ABOUT THIS TASK :: Retype the data that follows line by line, exactly, and leave its pictures out.

GIVEN MATERIAL ::
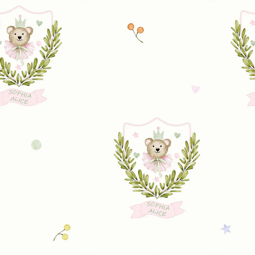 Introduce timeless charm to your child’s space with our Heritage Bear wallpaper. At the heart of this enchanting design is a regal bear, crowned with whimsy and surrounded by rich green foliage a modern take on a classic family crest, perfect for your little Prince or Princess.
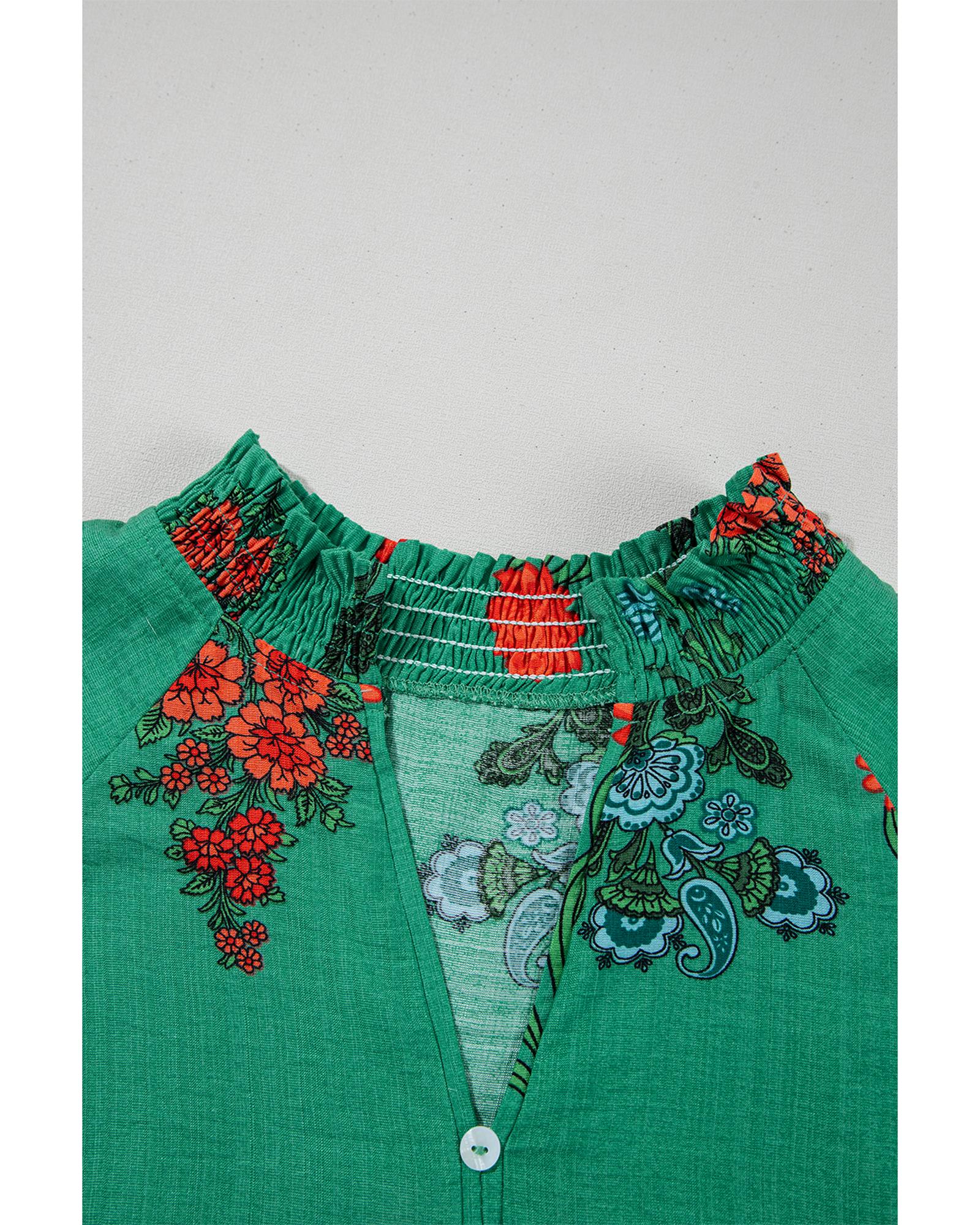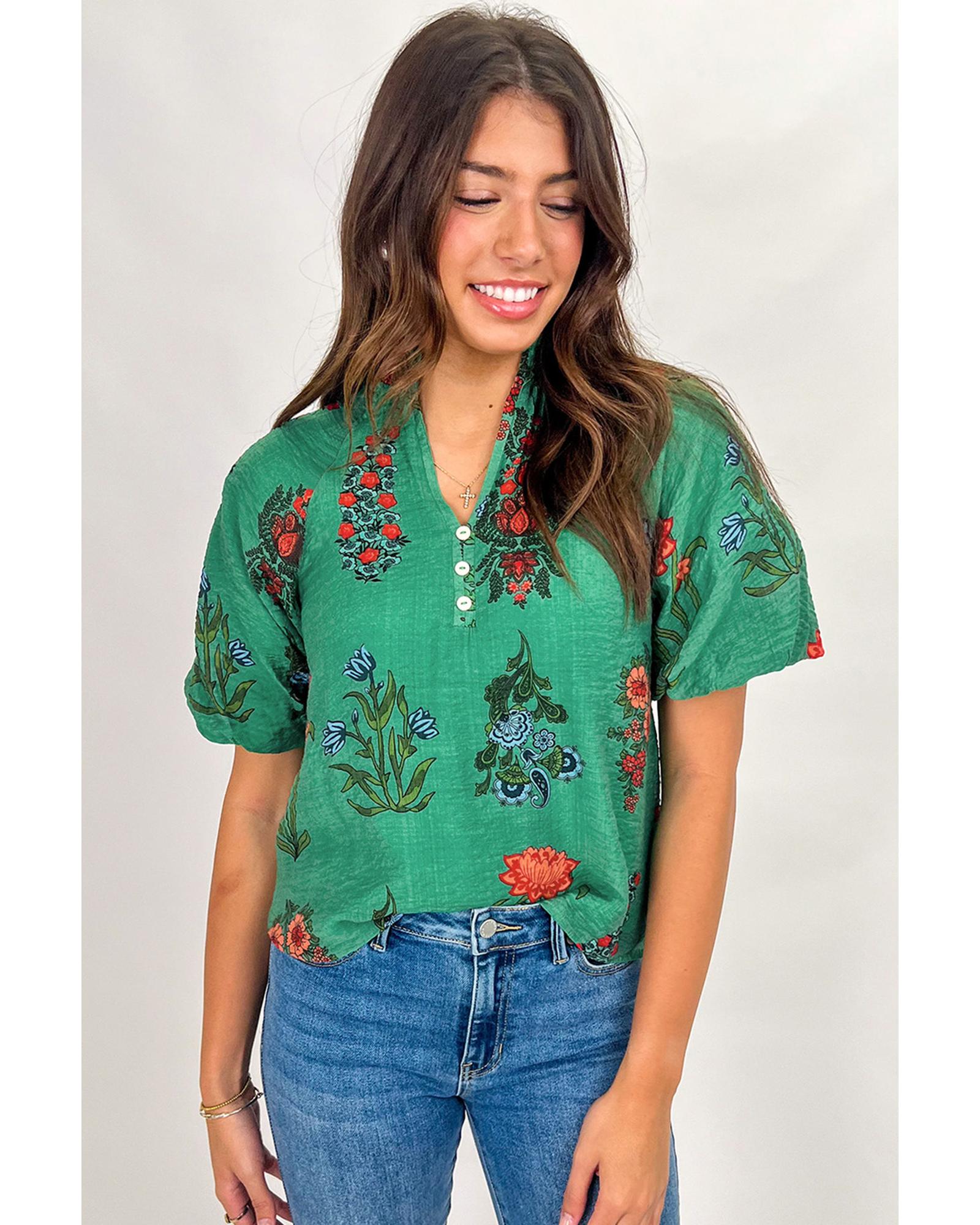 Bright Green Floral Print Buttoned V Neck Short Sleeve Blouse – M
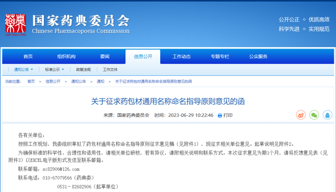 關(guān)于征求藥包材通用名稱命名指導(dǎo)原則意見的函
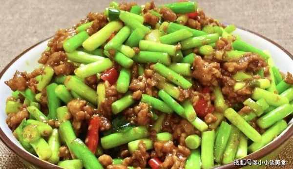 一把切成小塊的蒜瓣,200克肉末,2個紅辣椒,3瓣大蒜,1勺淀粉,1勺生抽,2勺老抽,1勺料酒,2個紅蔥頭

SOLUTION FOR THIS PROBLEM ::
 Introduce timeless charm to your child’s space with our Heritage Bear wallpaper. At the heart of this enchanting design is a regal bear, crowned with whimsy and surrounded by rich green foliage a modern take on a classic family crest, perfect for your little Prince or Princess.
 Bright Green Floral Print Buttoned V Neck Short Sleeve Blouse – M
 關(guān)于征求藥包材通用名稱命名指導(dǎo)原則意見的函
 一把切成小塊的蒜瓣,200克肉末,2個紅辣椒,3瓣大蒜,1勺淀粉,1勺生抽,2勺老抽,1勺料酒,2個紅蔥頭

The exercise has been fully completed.